---------- Input data ----------
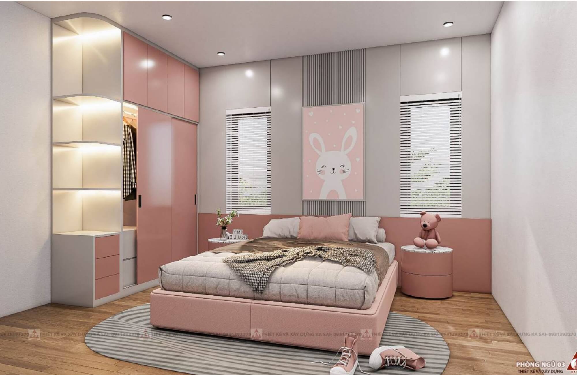 Phòng ngủ cho bé gái được thiết kế với tone màu hồng trắng be xinh xắn. Mảng tường được sơn chân tường, ốp nhựa giả gỗ và tranh ảnh dễ thương
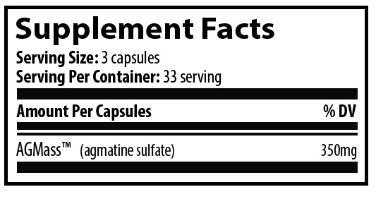 Agmatine Sulfate - 350 mg - is one of the newest and most exciting dietary supplements with many physiological benefits, including as a pre-workout agent to support overall athletic performance. Agmatine sulfate (as AGmass ™) is a biogenic amine and is the highest quality form of agmatine sulfate on the market, which has been HPLC tested for purity and potency. The agmatine used in Submission Science's product is not derived from 1,4-Diaminobutane, so it does not contain the major impurity 1,4-diguanidinobutane found in other types of Agmatine on the market.
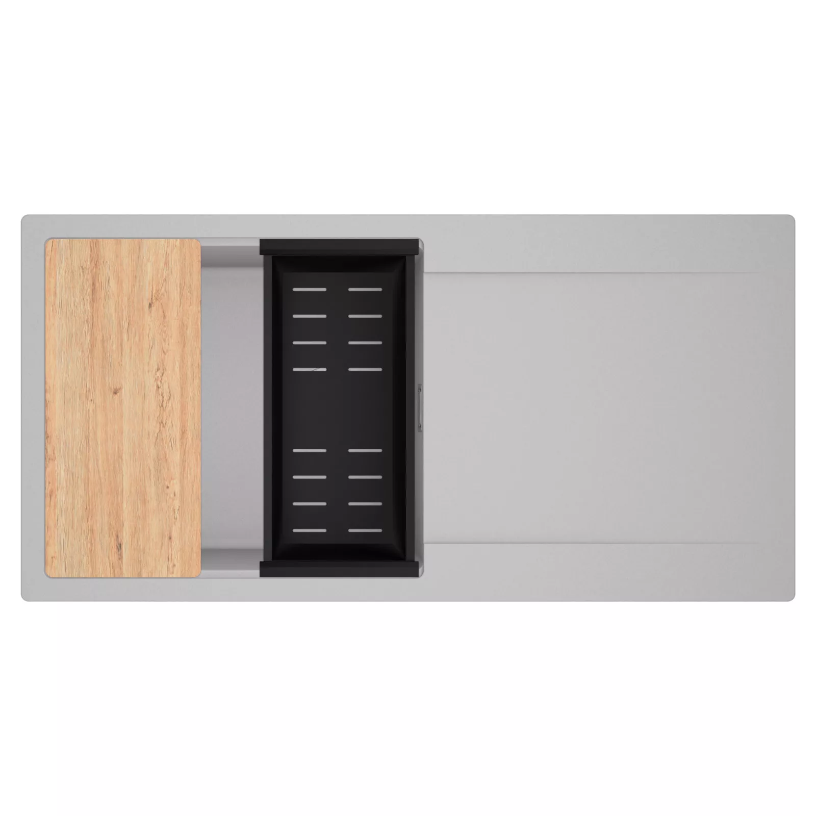 HD Onyx Grey 100 egymedencés mosogatótálca szett, vágódeszkával és csepegtetőkosárral, alpesi szürke
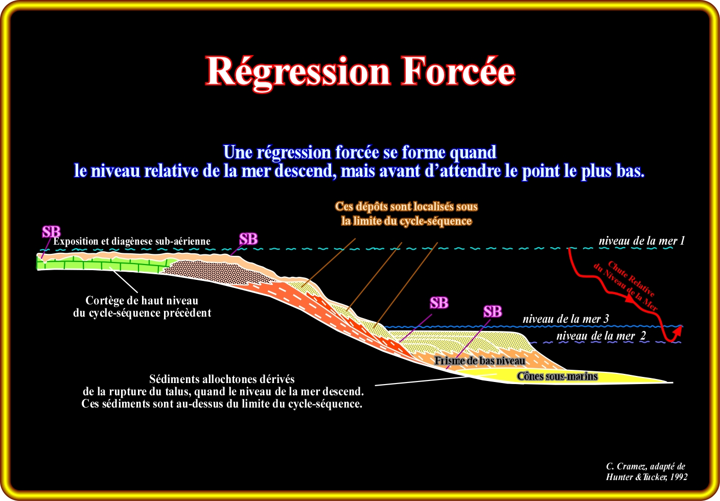 Dans un cycle stratigraphique dit cycle-séquence, Hunter et Tucker (1992) ont mis en évidence l'importance de l'architecture des dépôts côtiers (près de la ligne de côte) déposés durant une chute relative du niveau de la mer. Ce type de dépôts n'a pas été, initialement, pris en ligne de compte dans la stratigraphie séquentielle. Plus tard, ils ont été inclus dans un cortège sédimentaire propre, que certains géoscientistes ont appelé "biseau de systèmes de régression forcée". La reconnaissance d'un tel cortège soulève une question très importante : Où faut-il marquer la limite du cycle-séquence? En-dessous ou au-dessus de ces dépôts côtiers? Pour certains géoscientistes, comme Posamentier et Vail, la limite du cycle-séquence doit être placée en-dessous des dépôts de régression forcée, tandis que pour d'autres, comme Miall, la limite devrait être placé au-dessus. À propos de ce problème Miall (1977) dit que, théoriquement, la limite supérieure du cycle-séquence est facile à reconnaître dans les environnements non-marins, où elle est représentée par une discordance d'érosion. Cependant, même dans ce cas, il est difficile de la distinguer d'autres surfaces d'érosion, comme celles créées par l'incision autogénique d'un chenal. Comme dans un système régressif forcé le problème est de localiser la limite supérieur du cycle-séquence la séquence. Il a été suggéré qu'un telle limite représente le début de la chute relative du niveau de la mer. Certains géoscientistes ont proposé qu'elle devrait être placé en-dessous des dépôts formés pendant la phase de descente. Le problème d'une telle solution est qu'une telle limite qui peut être localement concordante, est tronquée par la surface régressive de l'érosion marine formée au cours de la phase de descente et ainsi associée au cycle sus-jacent qui est composée par une épaisseur importante des dépôts régressives du bas de plage formés pendant la phase de descente, ce qui signifie que la discordance subaérienne commence au début de la phase de descente, mais que l'érosion et incision se poursuivent jusqu'à la fin de la phase de descente du niveau de la mer.
----------
## Exercise objective
Output should consist of the lines above from the one with "Agmatine Sulfate - 350" down to the one with "HD Onyx Grey", exact and without pictures.

## Answer for this exercise
 Agmatine Sulfate - 350 mg - is one of the newest and most exciting dietary supplements with many physiological benefits, including as a pre-workout agent to support overall athletic performance. Agmatine sulfate (as AGmass ™) is a biogenic amine and is the highest quality form of agmatine sulfate on the market, which has been HPLC tested for purity and potency. The agmatine used in Submission Science's product is not derived from 1,4-Diaminobutane, so it does not contain the major impurity 1,4-diguanidinobutane found in other types of Agmatine on the market.
 HD Onyx Grey 100 egymedencés mosogatótálca szett, vágódeszkával és csepegtetőkosárral, alpesi szürke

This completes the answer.